--- RECORDED DATA ---
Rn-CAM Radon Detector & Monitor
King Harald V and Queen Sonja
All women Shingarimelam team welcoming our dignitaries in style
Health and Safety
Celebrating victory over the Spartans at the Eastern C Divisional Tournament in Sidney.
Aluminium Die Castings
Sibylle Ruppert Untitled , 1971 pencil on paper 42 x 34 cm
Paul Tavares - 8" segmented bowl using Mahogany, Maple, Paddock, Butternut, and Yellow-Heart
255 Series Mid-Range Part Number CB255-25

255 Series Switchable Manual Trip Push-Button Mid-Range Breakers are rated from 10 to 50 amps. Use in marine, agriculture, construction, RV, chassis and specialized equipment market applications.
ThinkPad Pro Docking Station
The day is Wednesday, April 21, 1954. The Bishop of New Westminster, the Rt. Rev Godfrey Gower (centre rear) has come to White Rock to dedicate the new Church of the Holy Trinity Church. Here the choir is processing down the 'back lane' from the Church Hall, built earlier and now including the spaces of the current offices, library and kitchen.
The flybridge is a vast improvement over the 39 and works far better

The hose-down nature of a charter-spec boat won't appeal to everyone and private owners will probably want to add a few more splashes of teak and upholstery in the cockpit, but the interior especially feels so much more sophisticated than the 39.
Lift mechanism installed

* * *

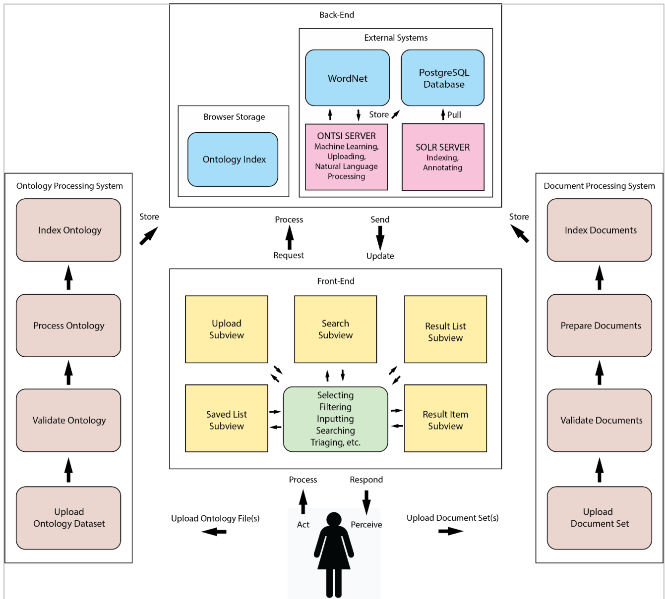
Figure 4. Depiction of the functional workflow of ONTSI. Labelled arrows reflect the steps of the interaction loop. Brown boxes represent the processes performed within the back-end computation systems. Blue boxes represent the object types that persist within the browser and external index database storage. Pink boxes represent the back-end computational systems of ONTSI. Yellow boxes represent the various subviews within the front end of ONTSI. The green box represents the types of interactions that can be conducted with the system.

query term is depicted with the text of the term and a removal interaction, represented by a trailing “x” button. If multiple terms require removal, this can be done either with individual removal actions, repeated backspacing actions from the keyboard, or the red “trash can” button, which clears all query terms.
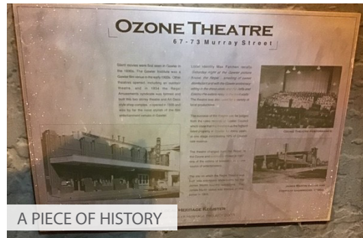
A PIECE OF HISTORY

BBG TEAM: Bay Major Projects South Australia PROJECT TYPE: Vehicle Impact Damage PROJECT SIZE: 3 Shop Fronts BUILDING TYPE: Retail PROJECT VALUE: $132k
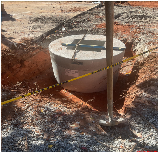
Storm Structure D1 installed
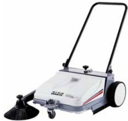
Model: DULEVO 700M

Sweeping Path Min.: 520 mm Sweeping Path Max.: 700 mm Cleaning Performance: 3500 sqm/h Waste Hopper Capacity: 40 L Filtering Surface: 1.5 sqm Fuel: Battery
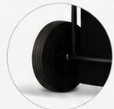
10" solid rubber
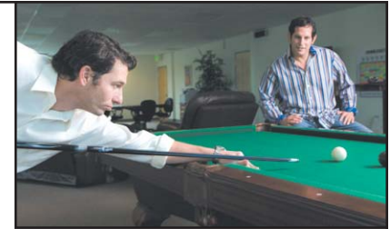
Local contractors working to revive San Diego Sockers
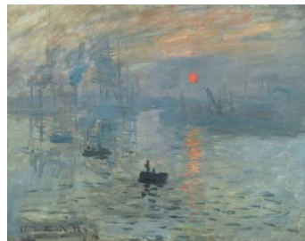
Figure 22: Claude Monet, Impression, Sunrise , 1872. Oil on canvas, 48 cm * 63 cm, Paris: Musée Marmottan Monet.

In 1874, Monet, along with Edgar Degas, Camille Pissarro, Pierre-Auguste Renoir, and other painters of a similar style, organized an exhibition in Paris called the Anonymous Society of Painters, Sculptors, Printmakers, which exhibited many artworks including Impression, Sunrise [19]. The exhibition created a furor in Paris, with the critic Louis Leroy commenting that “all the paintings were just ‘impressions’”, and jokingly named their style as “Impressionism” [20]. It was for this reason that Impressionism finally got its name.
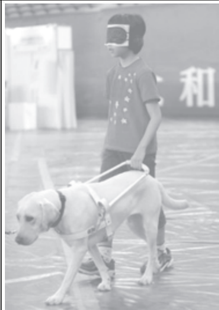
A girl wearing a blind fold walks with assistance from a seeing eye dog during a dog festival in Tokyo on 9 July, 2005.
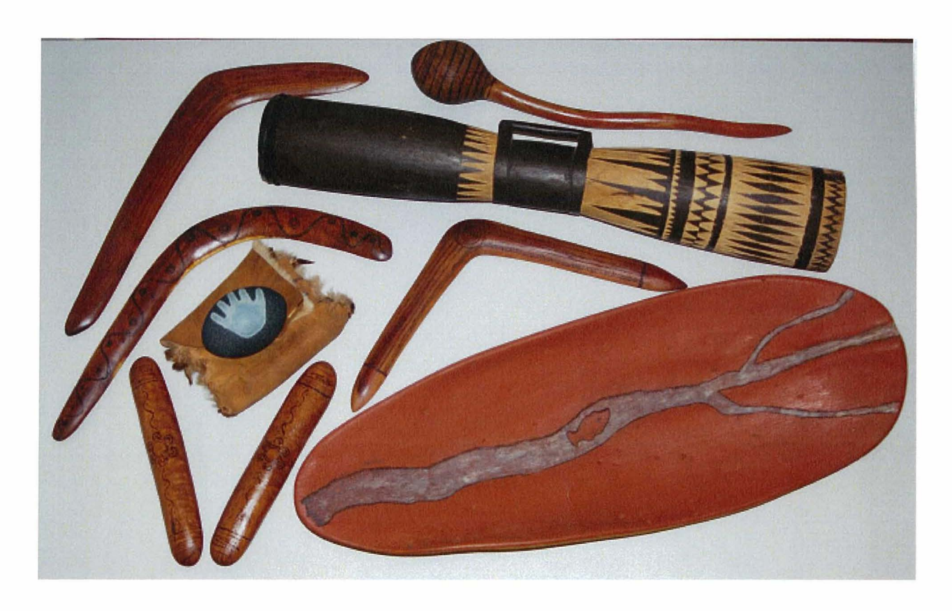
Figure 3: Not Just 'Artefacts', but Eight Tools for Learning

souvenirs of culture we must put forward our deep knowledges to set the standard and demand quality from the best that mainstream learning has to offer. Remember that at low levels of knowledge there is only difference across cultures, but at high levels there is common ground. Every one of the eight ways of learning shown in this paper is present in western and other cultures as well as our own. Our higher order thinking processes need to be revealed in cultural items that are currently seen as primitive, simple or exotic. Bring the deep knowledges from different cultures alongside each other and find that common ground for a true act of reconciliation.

--- BRIEF ---
Considering only the material above, set down every line from the one with "Rn-CAM Radon Detector & Monitor" to the one with "Lift mechanism installed", inclusive, exactly as written.

--- TASK RESULT ---
Rn-CAM Radon Detector & Monitor
King Harald V and Queen Sonja
All women Shingarimelam team welcoming our dignitaries in style
Health and Safety
Celebrating victory over the Spartans at the Eastern C Divisional Tournament in Sidney.
Aluminium Die Castings
Sibylle Ruppert Untitled , 1971 pencil on paper 42 x 34 cm
Paul Tavares - 8" segmented bowl using Mahogany, Maple, Paddock, Butternut, and Yellow-Heart
255 Series Mid-Range Part Number CB255-25

255 Series Switchable Manual Trip Push-Button Mid-Range Breakers are rated from 10 to 50 amps. Use in marine, agriculture, construction, RV, chassis and specialized equipment market applications.
ThinkPad Pro Docking Station
The day is Wednesday, April 21, 1954. The Bishop of New Westminster, the Rt. Rev Godfrey Gower (centre rear) has come to White Rock to dedicate the new Church of the Holy Trinity Church. Here the choir is processing down the 'back lane' from the Church Hall, built earlier and now including the spaces of the current offices, library and kitchen.
The flybridge is a vast improvement over the 39 and works far better

The hose-down nature of a charter-spec boat won't appeal to everyone and private owners will probably want to add a few more splashes of teak and upholstery in the cockpit, but the interior especially feels so much more sophisticated than the 39.
Lift mechanism installed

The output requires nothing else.